One thing we can do quickly is create a playlist and use that - https://python-pytube.readthedocs.io/en/latest/user/playlist.html.

### Searching

You can use the YouTube http search and a wrapper such as urllib - https://codefather.tech/blog/youtube-search-python/.

Or the official python youtube URI - https://developers.google.com/youtube/v3/quickstart/python.

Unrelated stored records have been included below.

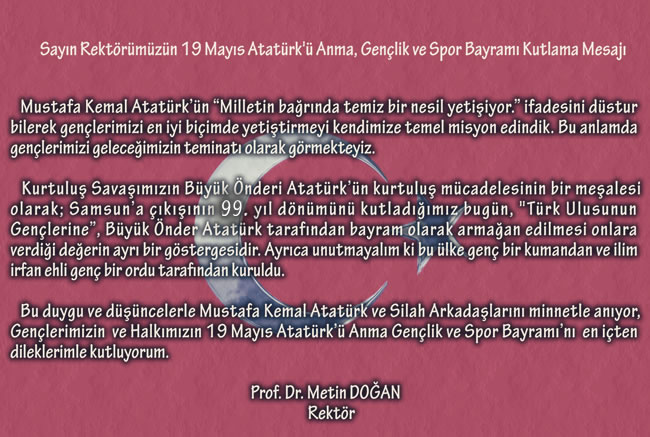 Sn. Rektörümüzün 19 Mayıs Atatürk’ü Anma, Gençlik ve Spor Bayramı Kutlama Mesajı
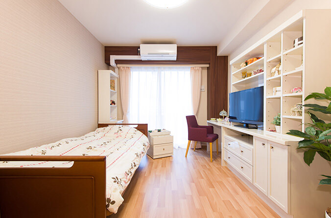 全室個室なのでご面会は24時間いつでもお気軽にお越しいただけます。居室にトイレや洗面台もあり、ご自宅と同様のプライベート空間を確保。また、緊急通報装置が各所に設置されており安心です。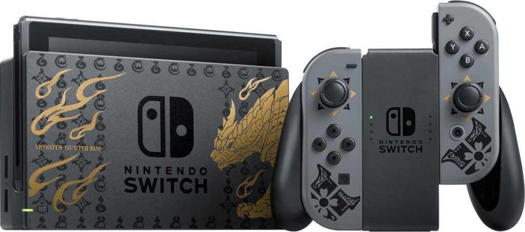De Nintendo Switch Monster Hunter Rise Edition heeft een dock met een afbeelding van Magnamalo, het vlaggenschipmonster van de game, terwijl de console zelf en de Joy-Con-controllers ook zijn versierd met afbeeldingen in Monster Hunter Rise-thema. Het systeem wordt geleverd inclusief een downloadcode voor Monster Hunter Rise plus de Deluxe Kit DLC en bonuscontent. De Nintendo Switch-Pro-controller Monster Hunter Rise Edition wordt apart verkocht en is ook voorzien van een fraai Magnamalo-design.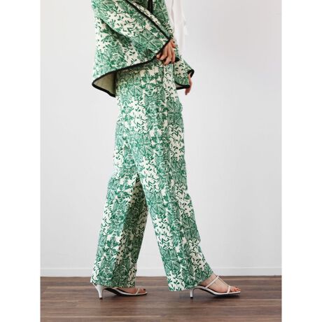 オリジナルのボタニカル柄を落とし込んだ、ジャガード生地のパンツ。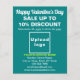 ¡Feliz Día de San Valentín! Una festividad encantadora para celebrar este mes de febrero y para anunciar también su negocio o promocionar su marca. Volante de personalizable con la venta de Valentine, su nombre de negocio y otra información de su negocio, un material de marketing que puede utilizar para atraer a más clientes. Personalizar y repártelo para atraer a más clientes a que compren sus productos o clientes para que les gusten sus servicios. Los colores de diseño son textos en blanco y amarillo-verde sobre fondo verde verde azulado. Para personalizar de este folleto, especifique el porcentaje de descuento que ofrecerá y las fechas de venta. Sube también el logotipo de tu empresa, escribe tu nombre de negocio, dirección, número de teléfono, correo electrónico y sitio web o tu página de red social de tu empresa. Por favor, compruebe la apariencia en los lados frontal y posterior después de teclear textos y cargar el logotipo. Si la apariencia le resulta agradable, puede realizar su pedido ahora. Si necesita redimensionar y mover los textos y el logotipo para que encajen en este volante o en el tamaño que elija, por favor cambie la herramienta de diseño. También puede cambiar el color de fondo, el color de fuente y el estilo de fuente en la herramienta de diseño. ¡Feliz Día de San Valentín! Te deseo más ventas esta fiesta.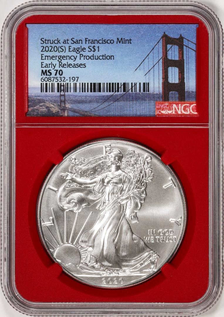2020(S) $1 American Silver Eagle Coin NGC MS70 Early Releases San Francisco Red Core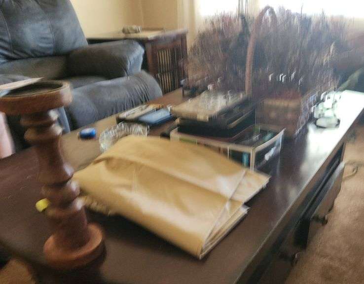 Coffee table clean off of all items, candle holder, flower basket, wires, ash trays, scale, Beegee CDs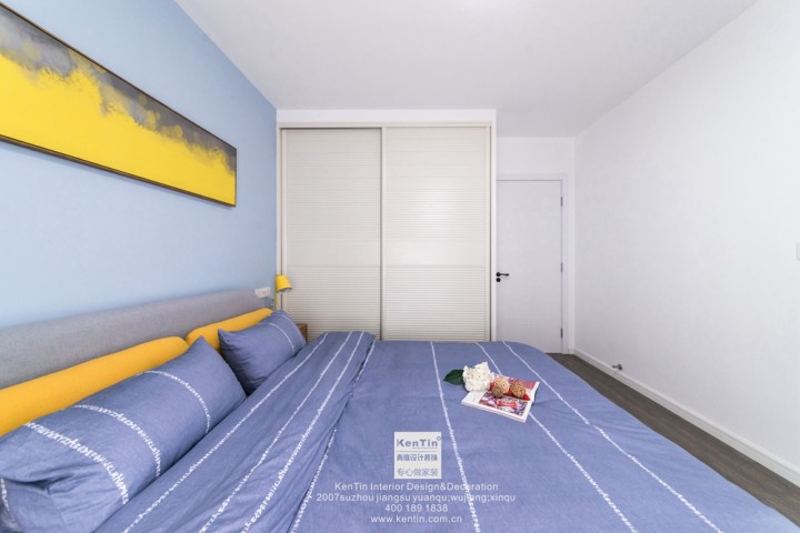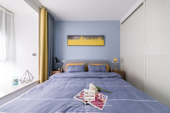 靜謐的藍搭上活力的黃色,再輔以大片的白,主臥給人的感覺十分安靜柔和。床兩邊各擺放一個床頭柜,一黑一黃的臺燈分別放在柜子上,使用非常方便。通透的采光和淺色的設計使臥室一塵不染,呆在這樣的環(huán)境里,心情都會很舒暢,一個人可以安靜的享受閑暇時光。

Also check out this tutorial - https://towardsdatascience.com/automatic-speech-recognition-data-collection-with-youtube-v3-api-mask-rcnn-and-google-vision-api-2370d6776109.

To stream rather than download you can extract YouTube urls and pass to a command line media player using SubProcess - https://stackoverflow.com/questions/49354232/how-to-stream-audio-from-a-youtube-url-in-python-without-download.

The main command line media players are MPV or VLC.
* There are Python bindings for both MPV - https://github.com/jaseg/python-mpv
* VLC - https://linuxconfig.org/how-to-play-audio-with-vlc-in-python

# Summary

The easiest way to go is to find or create a playlist with days of captioned videos, then to download video, audio and captions, then to process.

This will, though, take up a lot of space (we might need an external hard drive). But setting up a streaming wrapper will take a LOT more effort.